Washington, Jan 8, 2017
For almost eight years, the members of the Congressional Black Caucus existed in the shadow of the first black president. They praised President Barack Obama’s achievements while at the same time pushing him to do more for their constituents who overwhelmingly supported his history-making campaign and administration.
But with Obama set to leave the White House on Jan. 20, black lawmakers in the House and Senate are recalculating and reassessing their place in Washington. And realizing they’re regaining the limelight as the most visible and powerful African-American politicians in the nation’s capital.
President-elect Donald Trump will face a larger and more aggressive caucus, which will advocate for positions with “a bit more force,” said Rep. Danny Davis, D-Ill., a longtime member. “Without President Obama being in office, there will be more forceful articulation vis a vis administration policy.”
To the outgoing caucus chairman, Rep. G.K. Butterfield, D-N.C., “The consequences are too enormous for us to be indecisive.”
There are more black lawmakers in Congress than ever: 49 African-American men and women were sworn in Tuesday, including Sen. Kamala Harris, D-Calif., just the second black female senator. Also serving on Capitol Hill are the first Indian-American senator, 38 Hispanic lawmakers, including Democrat Catherine Cortez Masto of Nevada, the first Latina senator, and 15 Asian-Americans.
The caucus never had a perfect relationship with Obama, and several powerful members initially backed Hillary Clinton during Obama’s first run for president in 2008.
Black lawmakers did help turn out the largest number of African-American voters in modern history for Obama’s two presidential campaigns; African-Americans voted at a higher rate than non-Hispanic whites in 2012, 66.2 percent versus 64.1 percent. But those lawmakers felt disappointed when Obama did not focus as much as they would have liked on issues their minority constituents valued: criminal justice and policing, minority representation on the Supreme Court and other high offices, bringing jobs and industry to rural and inner city areas.

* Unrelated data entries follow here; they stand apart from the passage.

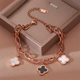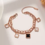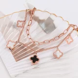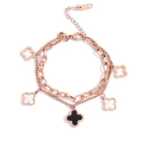 Be the first to review “Stainless Steel Rose Gold Plated Mother of Pearls Clover Wraparound Bracelet For Women”
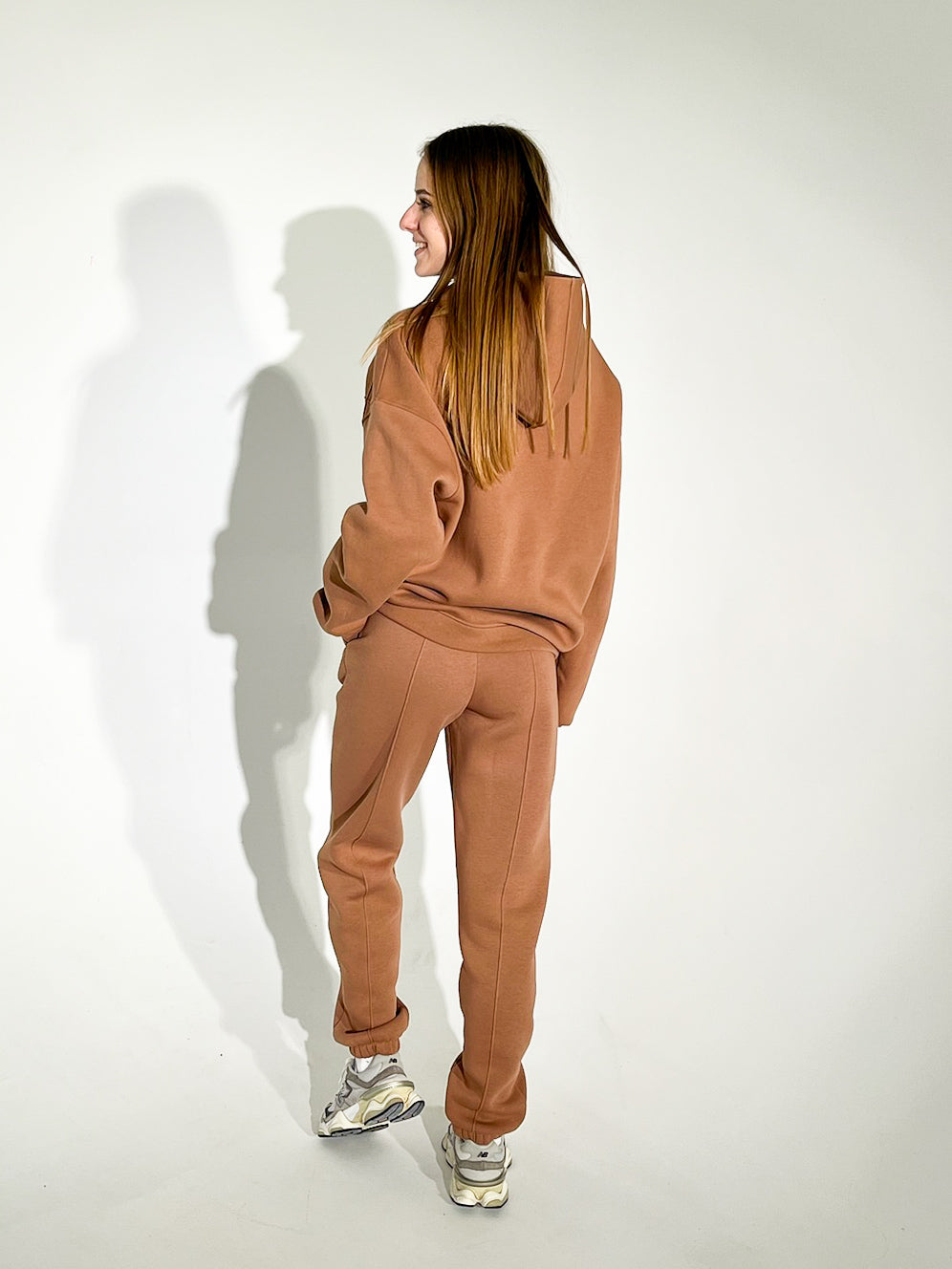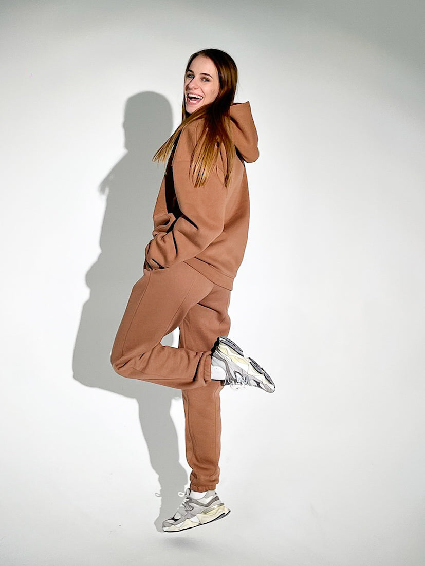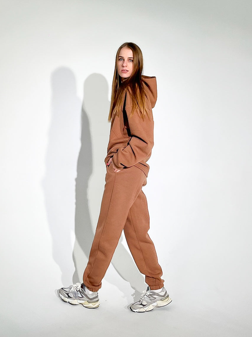 Stilingas, jaukus ir praktiškas – šis kostiumėlis puikiai tinka tiek aktyviai dienai, tiek poilsiui. Kruopščiai parinkta audinio sudėtis užtikrina patogumą bei ilgaamžiškumą, o universali riešutų spalva suteikia elegancijos ir šilumos jausmą.
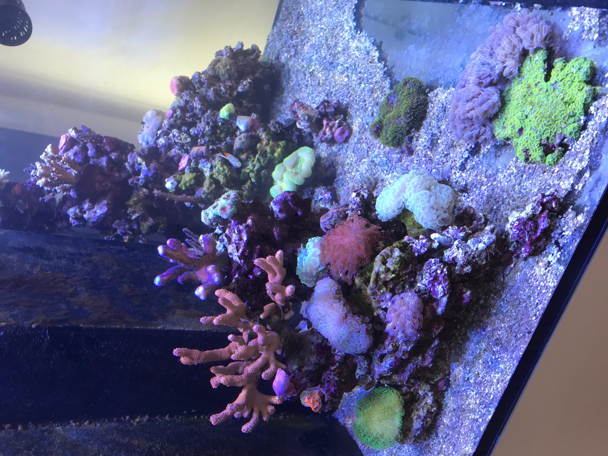 Grundsätzlich stehen die Korallen gut da (bis auf eine Acropora die 2 weiße Spitzen hatte die ich aber entfernt habe). Ich mache mir Sorgen da ja mit den Balance Produkten nicht nur KH und Ca sondern auch andere wichtige Stoffe mitdosiert werden.

“We didn’t make President Obama step to us all the time. We have to make leaders do their work, they’re not going to do it because they are essentially well intentioned. They have to be pushed,” said Julianne Malveaux, economist and author of “Are We Better Off? Race, Obama and Public Policy.”
Caucus members said they walked a delicate line, wanting to get behind the first black president but also promoting their own priorities, which didn’t always seem to be on White House’s front burner.
“There are times in which you’d like to go further than where the administration appears to be going, but at the same time you also want to appear and be as supportive as you can possibly be,” Davis said.